No one has actually satisfactorily shown that there can't be a fast way to factor a very large semiprime.
Except, if it's really impossible, someone ought to have proved it's impossible by now, given how big the economic incentive is.  Or if it is possible, you'd think someone would have done it.
And math problems can have a really long hang time for solution.
Remember, Fermat's Last Theorem took 350 years. The four-color problem stood open for about 130. This Wolfram article on unsolved problems contains many that have been open for a century or more.  
Right now, somewhere out there, mathematicians who would like to have a name in the history books are working on factoring large semi-primes, and other equally ambitious mathematicians are working on proving it's impossible. (Technically, too, someone might show it to be possible without showing how, but that idea didn't lead me to a story in whicht things blow up and people daringly do deeds of derring-do).
If the factoring side wins the race -- which they could do at any time, and it's always possible that a spy service somewhere might already have done so -- instantly,
"... there is nothing covered, that shall not be revealed; neither hid, that shall not be known.
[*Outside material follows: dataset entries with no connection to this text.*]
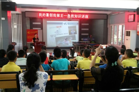 活动开始前,汽运社区青少年空间工作人员为大家介绍了此次活动的背景和意义,明确了活动互动的形式和参与的规则。活动中,普爱医院秋玲志愿服务队的高秋玲老师与大家讨论了身边可能存在的安全隐患,和同学们共同分析这些隐患易引发的意外伤害,使大家认识到生活中处处都存在着安全隐患,要避免不受伤害就要处处留心注意,掌握保护自己的方法。在接下来的急救知识讲座,高老师围绕三个身边最易发生的溺水、触电和异物引发的窒息等三种意外伤害展开,向同学们现场展示并教授了海姆立克急救法以及心肺复苏急救法的操作。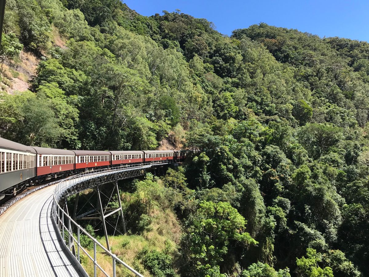 急遽ゴールドクラスにアップグレードしたキュランダ列車は正解でした。飲み放題に軽食がつきますが次から次へと軽食が出され、おいしいので全部食べたらお腹いっぱいに。もちろん車窓の眺めや椅子の座り心地までゴールドクラスで優雅な気分でした。キュランダにつくと昼食でオージーバーガーを頼みましたがかなりのボリュームです。すでにお腹いっぱいでしたがおいしいので完食。キュランダ散策も楽しかったです。アーミーダックはガイドさんのノリがよく思った以上に楽しめた。コアラ抱っこも一瞬での出来事でしたがとても楽しく可愛かった。あまり時間は無かったですがミニ動物園へも別料金を払っていきました。ガイドさんの要領の良さと指示でなんとか全部回ることが出来ました。最後はスカイレール、キュランダからケアンズ市内を一望できてオススメ。最後は解散場所でじゃんけん大会もあり、最初から最後まで忙しいくらい楽しかったです。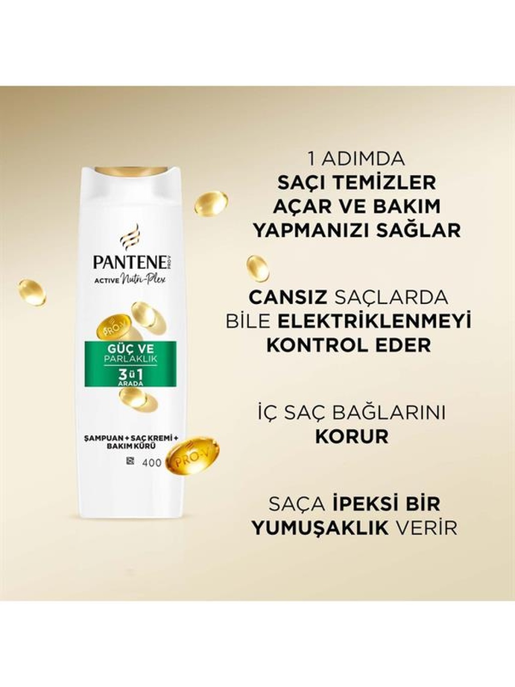 Tüm işlemleri tek adımda gerçekleştiren üstün saç bakımı çözümünüz Pantene Güç & Parlaklık 3 ü 1 Arada Şampuanı keşfedin. PRO-V ve ACTIVE NUTRI-PLEX teknolojisi ile güçlendirilerek titizlikle tasarlanmış olan bu yenilikçi ürün, saçınızı aynı anda hem temizler hem açar hem de bakım yapar. Bir şampuandan çok daha fazlası olan bu ürün, saç bağlarını koruyan ve saçları içten dışa güçlendiren kapsamlı bir bakım sağlar. İlk kullanımdan itibaren saçlarınıza gözle görülür derecede ışıltı ve güç* katan bu şampuan, saçlarınıza sağlıklı bir görünüm kazandırır. Renklendirici ve mineral yağ içermeyen formülüyle saçları saç şekillendirme işlemlerinin neden olduğu yıpranmalara karşı güçlendirerek saç yüzeyini uçlarına kadar yeniler ve saçlarınızı iyileştirir. Swiss Vitamin Institute tarafından test edilmiştir. *Saç şekillendirme işlemlerinin neden olduğu yıpranmalara karşı güçlendirme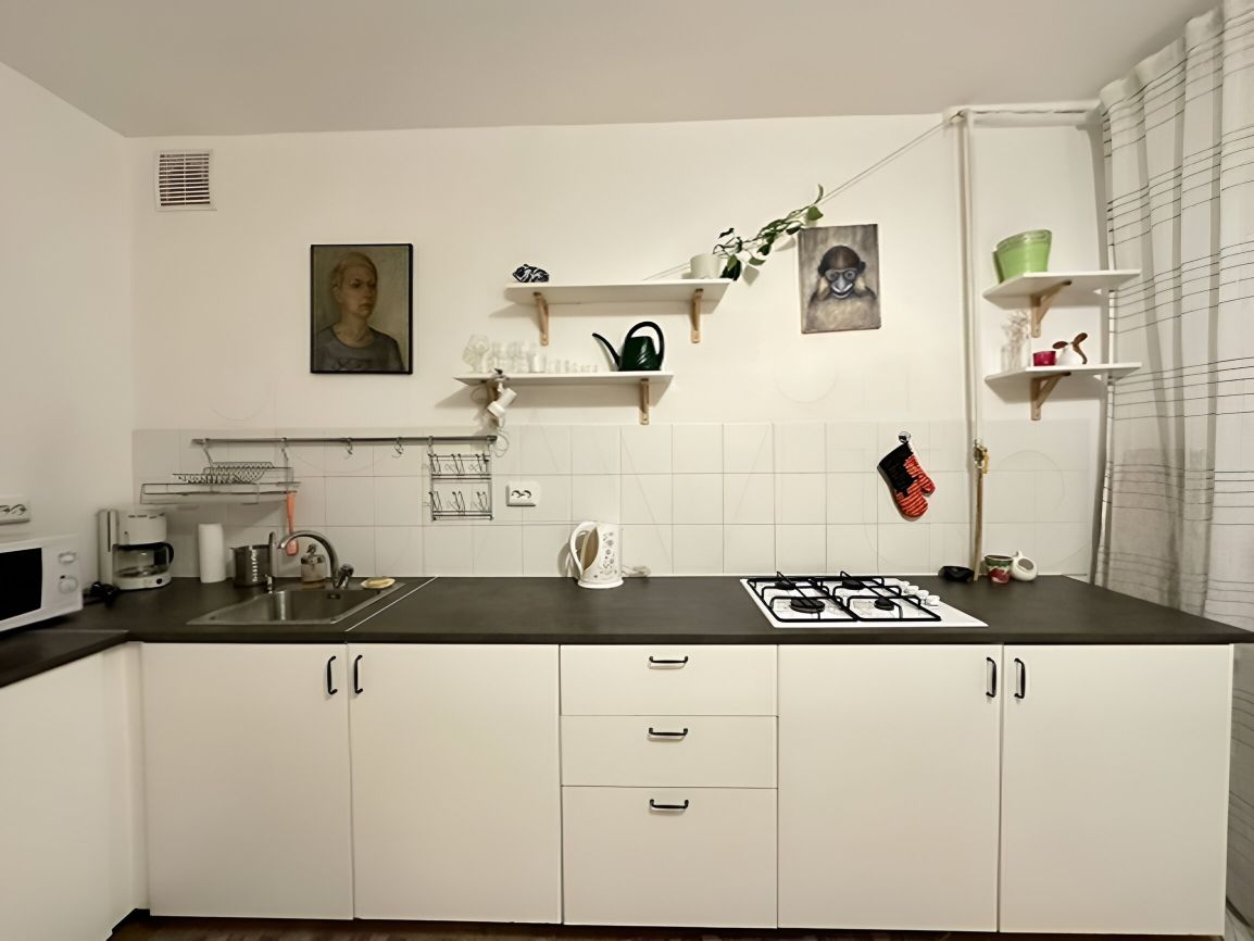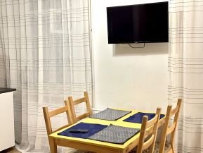 Укомплектована всем необходимым для комфортного проживания: стиральная машина, места для хранения одежды, посуда и кухонные принадлежности, холодильник, чайник, кофеварка, ТВ, wi-fi, одна 2-сп. Кровать и две 1-сп.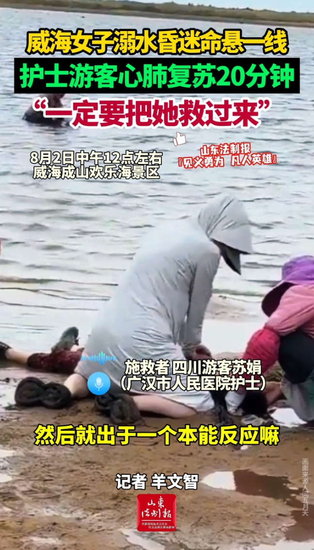 威海女子溺水昏迷命悬一线,护士游客心肺复苏20分钟:“一定要把她救过来”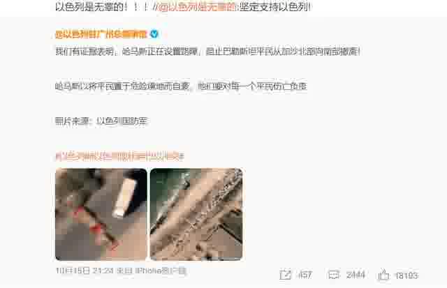 无论是文字还是配图,乍看之下以色列驻广州总领事馆的这番操作似乎并没有什么值得大惊小怪的。你要说带节奏给哈马斯扣屎盆子吧,人家本来就是以色列的驻华外事机构,在这种节骨眼上把胳膊肘往里拐那是正常的。这事轮不到我们中国人说支持还是不支持,但我想大家应该都能理解。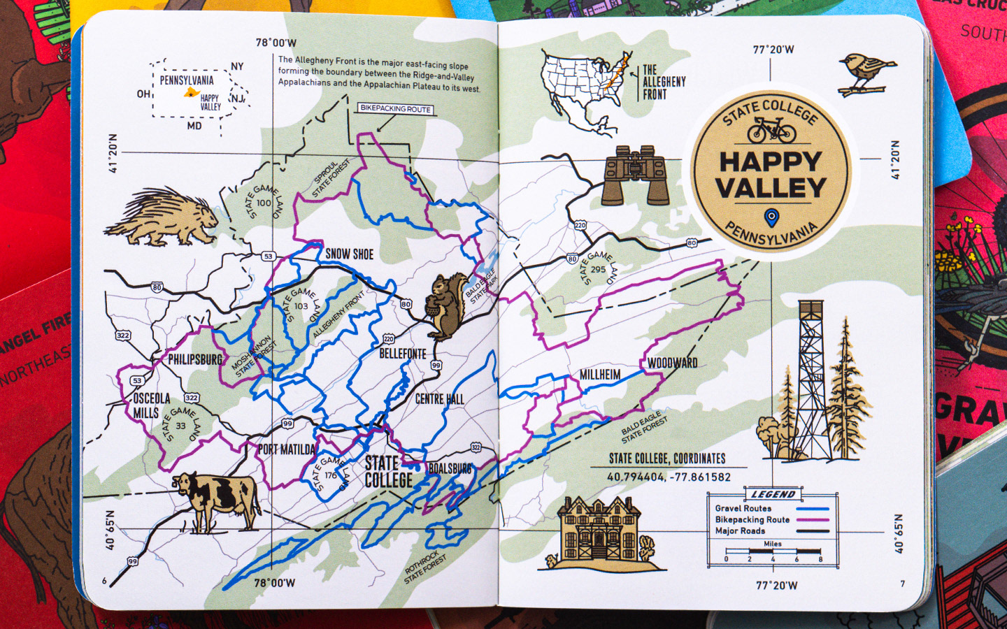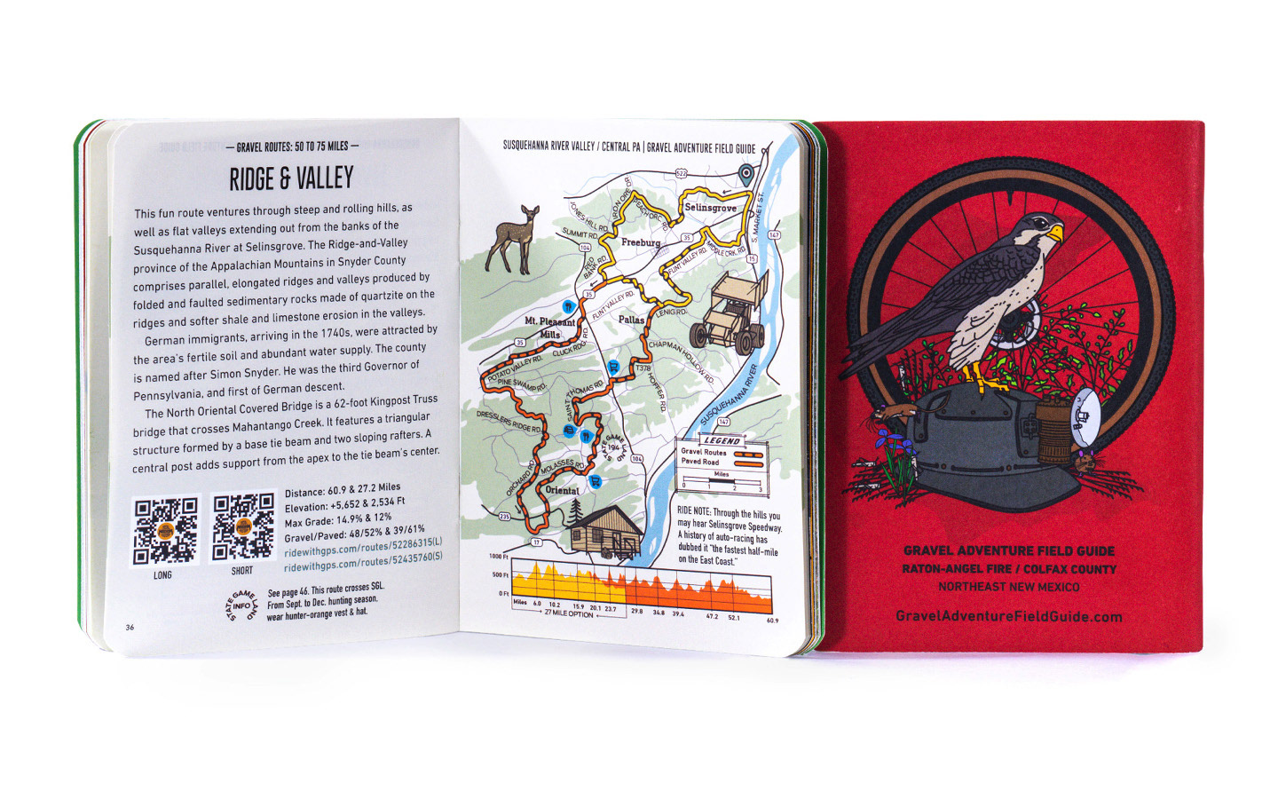 Gravel Adventure Field Guides are pocket-sized, analog books that link to digital GPS routes. The books feature bicycle gravel routes, art, culture and local history.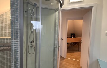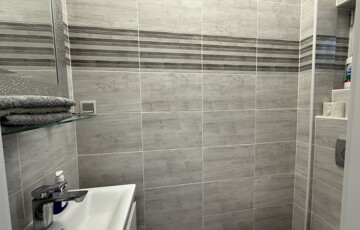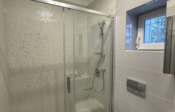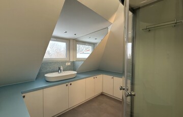 • elegáns természetes fénnyel megvilágított fürdőszoba zuhanyzóval és wc-vel, mosdó szekrényekkel,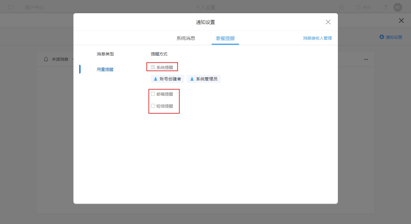 - 设置方式:勾选短信提醒方式,默认发送给账号创建者,还可以设置接收人,接收人可以在消息接收人管理中设置。
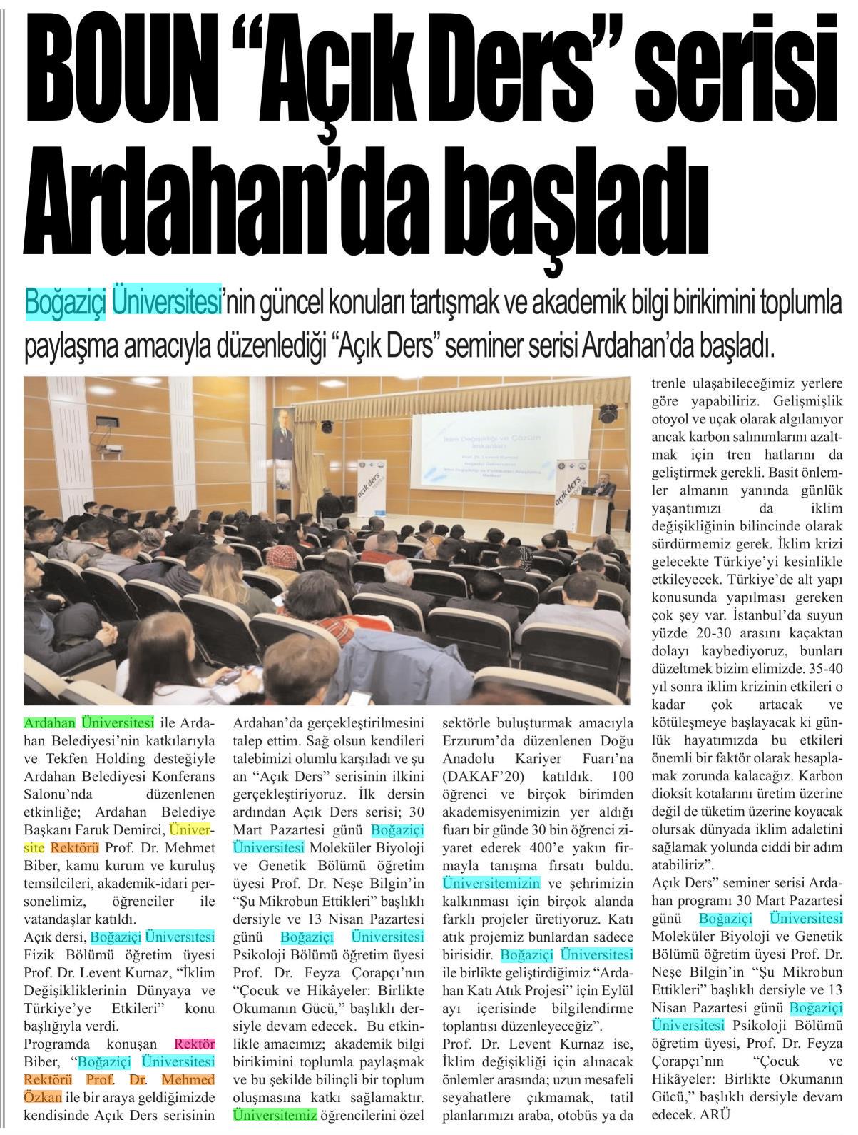 BOUN "Açık Ders" serisi Ardahan'da başladı

Therefore whatsoever ye have spoken in darkness shall be heard in the light; and that which ye have spoken in the ear in closets shall be proclaimed upon the housetops."
Everything. All at once. Private bank accounts and passwords, credit card accounts, corporate records, everything; the only limit will be how fast human beings can absorb and use the information.
There are other encryption methods possible, but most of them are also driven by large semiprimes.
So ... in my imagined future world, two mathematicians named Yan and Dimri came up with a fast-factorization algorithm somewhere between 2020 and 2025. It's a world where all encryption, everywhere (except for one-time pads) is broken quickly; encryption only slows corporate and political espionage down a little bit.  And thus it's a world where people like Yip, Yazzy, Dusan, and Markus are never short of work or things to do; in a world where there are no good locks, there's always a job for a guard.
Do I think that world will happen?
I think no one yet knows (or at least no one yet admits they know) whether it could. So, for the moment, it's perfect for science fiction.
And if I were running a large operation's security, I might deputize a math-literate person to watch the literature on semi-prime factorization.
Anyway, enjoy the story, see you Friday with some other topic, and this time I got to talk about two favorite subjects, math and fiction, so consider yourself lucky that I only wrote this much.